Стивен покачал головой, глядя еще более устало, чем обычно.

Что же случилось с этими людьми? Разве старички не любят поболтать о временах своей молодости? Похоже, что нет. Все в ней клокотало от разочарования. Эйприл взяла такси до Бэйсуотер и зарегистрировалась в гостинице. Приняв горячий душ – самый лучший на ее памяти, – она устроилась на мягкой кровати с книжкой Майлза Батлера. И немедленно поздравила себя с тем, что решила не читать ее в Баррингтон-хаус. Пожалуй, иметь дело с подобными явлениями безопаснее здесь. В другом мире, чистом и ярком, удобном и современном, – полной противоположности дома, из которого никак не могла выбраться Лилиан.

«Видения из Вихря» была написана гораздо лучше и куда менее истерично, чем текст на сайте «Друзей», однако из биографических деталей автор излагал не более того, что она уже прочитала в Интернете. Текст по большей части представлял собой анализ воображаемого и символического в уцелевших рисунках. Оказалось, Эйприл с трудом понимает его, поэтому она читала по диагонали, чтобы не чувствовать себя полной дурой. Зато все репродукции, какие она видела на экране компьютера, здесь были отпечатаны на дорогой глянцевой бумаге, отчего вселяли в зрителя еще большую тревогу. Потребовалось сознательное усилие воли, чтобы взгляд не перебегал со строк на бесконечную вереницу диких, ошарашенных, перепуганных и потерянных созданий на рисунках. Хуже всего были работы в цвете. Переворачивая страницы, Эйприл уже скоро начала прикрывать репродукции салфеткой, чтобы сосредоточиться на тексте, потому что картинки заставляли ее вспоминать большие отрывки из дневников бабушки. И сходство было настолько пугающим, что Эйприл принялась окидывать взглядом кровать и небольшую хорошо освещенную комнату, как будто ожидая увидеть кого-то, кто стоит рядом и наблюдает за ней.

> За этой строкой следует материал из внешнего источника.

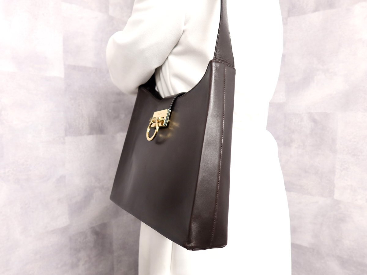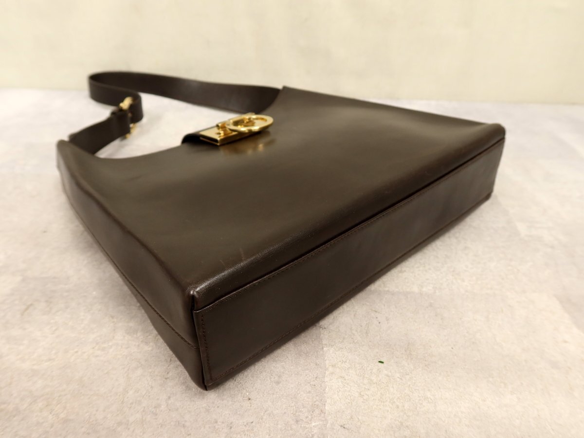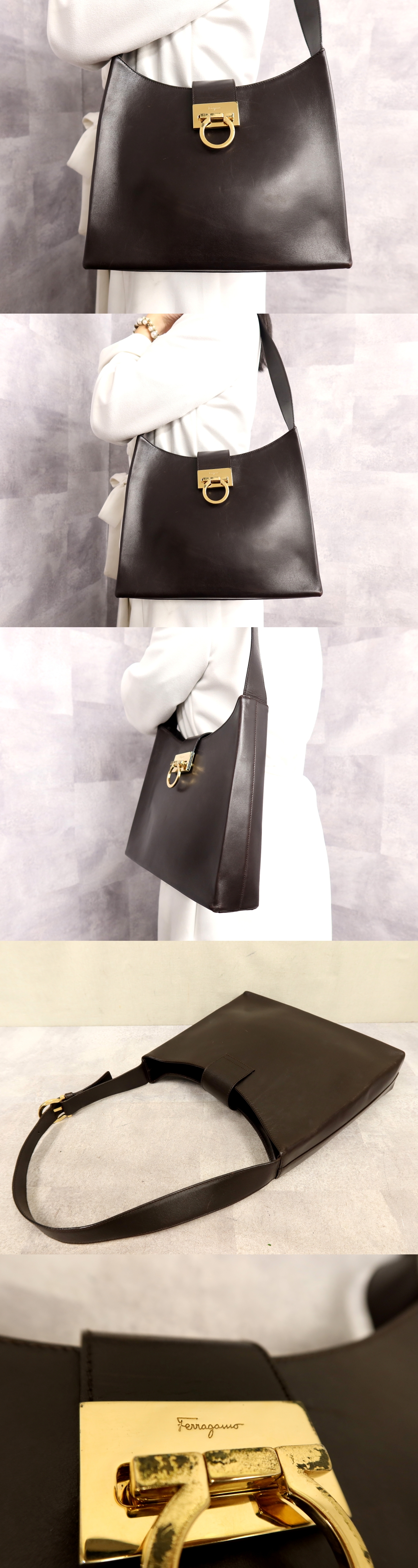 ●超美品●Salvatore Ferragamo フェラガモ●ガンチーニ●カーフ レザー 本革●ショルダー バッグ●ダークブラウン●G金具●B5●Js62454

Эйприл стряхнула с себя наваждение и пробежала глазами абзац об обучении Хессена в медицинском колледже и скандале, который учинил преподаватель в школе Слейда по поводу того, что Хессен нарисовал трупы вместо живых моделей и вообще «не выказывает интереса к прекрасному». Баррингтон-хаус упоминался один раз мимоходом просто как место, где Хессен останавливался после войны.

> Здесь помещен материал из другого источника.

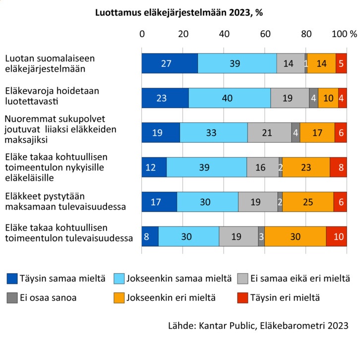 Suomalaisista 66 prosenttia luottaa eläkejärjestelmään, mikä on kuusi prosenttiyksikköä vähemmän kuin vuotta aiemmin. Lähes 50 prosenttia vastaajista arvioi, että eläkkeet pystytään maksamaan tulevaisuudessa. Edellisessä kyselyssä hieman suurempi osa, 55 prosenttia, ennakoi, että eläkkeet kyetään maksamaan tulevaisuudessakin. Lisäksi noin puolet on sitä mieltä, että nuoremmat sukupolvet joutuvat liiaksi eläkkeiden maksajiksi.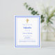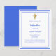 A white background, decorated with a royal blue frame, and a golden cross Personalise and add the name and details. Royal blue text.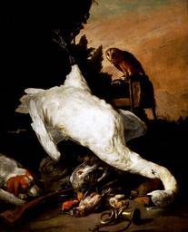 | Keywords: Peeter Boel 002.jpg Artwork Creator Pieter Boel between 1640 1660 Oil on canvas cm 135 107 Institution Museum Boijmans Van Beuningen Not on view 1069 OK LangSwitch Hunting still life with a swan Jachtstilleven met zwaan 1640-1650 12662 Jachtstilleven met zwaan 1640-1660 object history by 1864 Van der Hoop Rotterdam J van der Hoop LangSwitch das the le ~ Boijmans Rotterdam Rotterdam Price NLG 385 exhibition history credit line still life accession number 1069 OK collectie boijmans nl http //collectie boijmans nl Home http //collectie boijmans nl/en/work/1069 20 28OK 29 Info http //www museum-online nl/imageproxyboijmans asp cache yes filename 1069 20 28OK 29 jpg maxwidth 1600 maxheight 1600 cache yes Pic PD-old-100 Pieter Boel 1640 17th-century still life paintings of food 1640s paintings in the Netherlands Flemish paintings in the Museum Boijmans Van Beuningen Boel Peeter Dead swans in art Swans in painting Owls in paintings 17th-century paintings of animals 17th-century oil on canvas paintings in the Netherlands Oil paintings of birds Swans in 17th-century art |

Заточение в тюрьме во время войны, как предполагал автор, сломило Хессена и преждевременно оборвало его карьеру художника: «Хессен происходил из привилегированного класса, он был человеком в высшей степени чувствительным, который так и не смог примириться с клеймом предателя и суровыми тюремными условиями». Единственный способ постичь Хессена – через его искусство, через сохранившиеся рисунки, и только рассматривая эти рисунки с философской точки зрения.